So the website transformation has not occurred yet, but I have downloaded WordPress which is the platform I will move Steady As She Goes to. But before I can move I have to figure out how to back up the TypePad files and figure out how to set up the url.
In the meantime I have been working on a few projects that I hope will function as a proof of concept for some business ideas that I have. These projects are directly connected with the direction of the new blog – information & location & travel (which really can be considered a combination of information & location).
So while there is no migration and web design going on I have learned an awful lot (and still have and awful lot to learn ) about Regular Expressions (and how much I suck at using them), data extraction programs, data extraction and manipulation between programs, sgml formats, MySql and myphpadmin, web hosting interactions (what do I actually have and what will I need), and I am still learning Google Maps API programming. It’s mind-boggling.
So for this project I am cleaning up data in order to geocode it but it isn’t very easy. Here are the steps so far:
1)Downloading Files – This sounds easy until you realize that there are approximately 2900 of them in various folders – not all in one place. This required many emails just to find the files in the first place on the Library of Congress website, then IM chats with a tech friend to figure out why I couldn’t access the ftp site (my browser was timing out – ended up using WSftp). Fortunately, two of the main folders had directory listing so I could create a batch file and download en-mass – but the two did not – numbingly good time that was.
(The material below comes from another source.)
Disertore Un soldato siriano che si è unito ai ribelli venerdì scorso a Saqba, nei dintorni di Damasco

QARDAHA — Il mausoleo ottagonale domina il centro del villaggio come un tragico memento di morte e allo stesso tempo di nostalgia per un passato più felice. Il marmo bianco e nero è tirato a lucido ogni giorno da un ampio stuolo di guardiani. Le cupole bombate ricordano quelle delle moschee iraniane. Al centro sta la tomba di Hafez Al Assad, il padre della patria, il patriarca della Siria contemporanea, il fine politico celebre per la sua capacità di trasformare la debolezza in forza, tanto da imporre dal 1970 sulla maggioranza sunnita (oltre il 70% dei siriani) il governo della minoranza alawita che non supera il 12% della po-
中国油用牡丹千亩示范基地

2) Evaluating File Format – These files are “machine readable” according to the Library of Congress. They were written in sgml which is indeed machine readable but does not have much of an organizational structure. And there are no available sgml readers out there anymore – too bad for us. I used TextPad to look at them. The files were meant to be digital facsimiles of the paper documents, which they are, but that doesn’t help me convert them to a database format for serving up over the internet. Fortunately, most of the data I wanted was between specific tags – usually it was much more than what I needed but it worked. Another bonus is that the bulk of the text to be used was stored between
tags and is readable by html. I can store this text with these tags in a mediumtext mysql table(?) – although I don’t know what to call the mysql equivalent of an Excel cell or actually how to get it from TextPad to MySql.
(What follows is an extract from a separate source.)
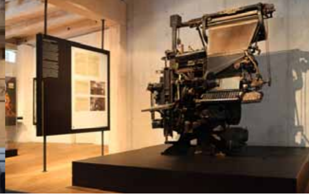
Schwerlastpodest nach statischer Berechnung für die Druckmaschine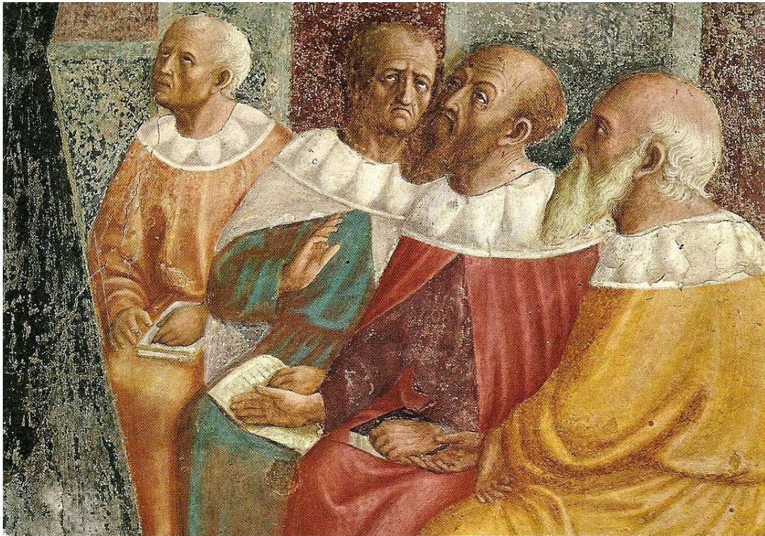
Les Philosophes d'Alexandrie (détail)

Basilique St Clément de Rome, Chapelle Ste Catherine Masolino da Panicale, 1425

3) Extracting data from Files – This one is a doosey and if I knew Regular Expressions and maybe Grep or Awk (and had the systems to use them) and maybe a little Perl – not sure – it would have been a hell of a lot easier than what I went through – on 418 of the files – not even all of the files. First I decided on a subset of information to represent – if I knew more programmey stuff I would have tried to pull info from all of the files, but not right now – 418 is enough. Next I poured over the sgm files to find someway to extract data between tags. As it turns out – I could use a text search in a program called DataExtractor to get the actual data and then a similar Regular Expression search in TextPad to get the line numbers (which correspond to the file numbers). It was easy to just pulling specific data from 418 files, but very difficult to know what data corresponded to what file.
4) Cleaning up the Data – This is the very painful part. I have to actually compare what was pulled to the complete file. For example, I will pull everything between "
2. Place of Interview*<(slash)p>“ which may give me any one of the following results: the search string and the actual address of the interview, the search string only because the address was on the next line with its own set of
tags, nothing because there was a different number of spaces between “2.” and “Place”, nothing because it was “1.” not “2.” and a handful of other problems. Multiply this by 3 data sets to pull. I got it down to 4 different pulls per set and a final integrity check just to fill in the blanks – spots that received nothing but I know had data. And this is even cleaning yet – this is just filling in the blanks. Cleaning will be a painstaking review of each entry, splitting it up into different fields so that I will be able to geocode the addresses.
5) Geocoding – This, when I get to it, will be interesting because many of these places probably don’t exist anymore. Such-and-such Nursing Home, Portland, OR – I can bet that that place doesn’t exist so I will have to ferret out a location for it. It’s just research, but a team of elves would be a good thing here.
6) Making a MySQL database out of the text and xls data – The is my second big knowledge gap and the problem actually lies in getting formatted text into a database format.
7) Making the webpage – The page will most likely involve, forms, Google Maps API programming, javascrip or Perl scripting all of which I know some but not enough about.
So the problem that I am running into the most is that I know what I want to do and I know that it can be done, but I am not qualified to do it. I am not a programmer and it is not easy for me to whip off a perl script to move this stuff to that place or to write javascript code to pull data from the data base to just show information by state. I get so frustrated with this because I think that there are some very cool things that can be created for the benefit of everyone – to help everyone tell their story and to education people about place.
The solution is to just keep moving forward, keep learning what I can, and hope that I will eventually find a tech partner to make these ideas a business. Anyone interested?
(P.S. I know that I didn’t divulge what I was actually doing but I need to create, at the minimum, a prototype before I go shooting off my mouth to the world in general)
Also - please note that I didn't figure out how to show paragraph tags within the text of the entry so I put a bunch of stupid parenthesis around them.